[[ Dataset records open ]]

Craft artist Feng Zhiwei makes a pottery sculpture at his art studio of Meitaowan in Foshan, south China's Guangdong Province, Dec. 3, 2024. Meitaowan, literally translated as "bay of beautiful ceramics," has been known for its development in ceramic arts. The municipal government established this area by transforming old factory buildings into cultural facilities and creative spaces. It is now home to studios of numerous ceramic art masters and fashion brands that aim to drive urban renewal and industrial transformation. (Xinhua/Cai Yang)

[[ Dataset records closed ]]
[[ Dataset records open ]]

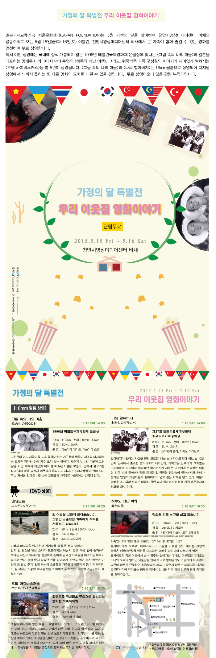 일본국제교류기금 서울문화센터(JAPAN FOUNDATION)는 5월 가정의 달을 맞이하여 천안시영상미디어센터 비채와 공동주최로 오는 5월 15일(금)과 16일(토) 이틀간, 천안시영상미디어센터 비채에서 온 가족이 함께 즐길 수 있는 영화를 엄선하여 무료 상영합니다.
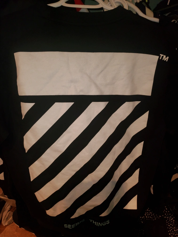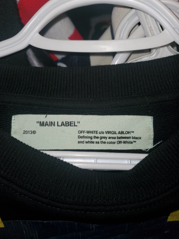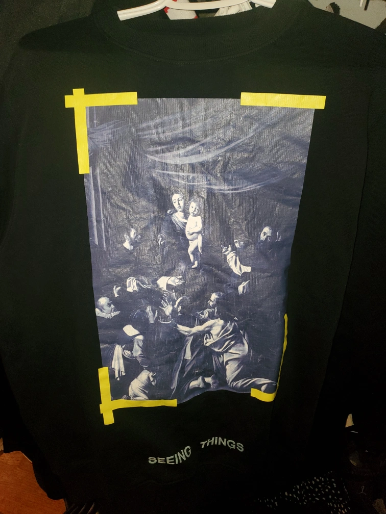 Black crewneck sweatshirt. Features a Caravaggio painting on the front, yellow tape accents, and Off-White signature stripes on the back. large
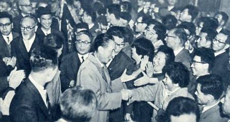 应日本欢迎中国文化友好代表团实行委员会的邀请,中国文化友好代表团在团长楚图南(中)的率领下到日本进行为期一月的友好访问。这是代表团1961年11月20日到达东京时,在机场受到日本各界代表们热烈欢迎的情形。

[[ Dataset records closed ]]

Exercise instructions: Going by the data above, give back only the lines from the one containing "일본국제교류기금 서울문화센터(JAPAN FOUNDATION)는" through the one containing "应日本欢迎中国文化友好代表团", exactly as they stand, both ends included and no images.

Task output:
 일본국제교류기금 서울문화센터(JAPAN FOUNDATION)는 5월 가정의 달을 맞이하여 천안시영상미디어센터 비채와 공동주최로 오는 5월 15일(금)과 16일(토) 이틀간, 천안시영상미디어센터 비채에서 온 가족이 함께 즐길 수 있는 영화를 엄선하여 무료 상영합니다.
 Black crewneck sweatshirt. Features a Caravaggio painting on the front, yellow tape accents, and Off-White signature stripes on the back. large
 应日本欢迎中国文化友好代表团实行委员会的邀请,中国文化友好代表团在团长楚图南(中)的率领下到日本进行为期一月的友好访问。这是代表团1961年11月20日到达东京时,在机场受到日本各界代表们热烈欢迎的情形。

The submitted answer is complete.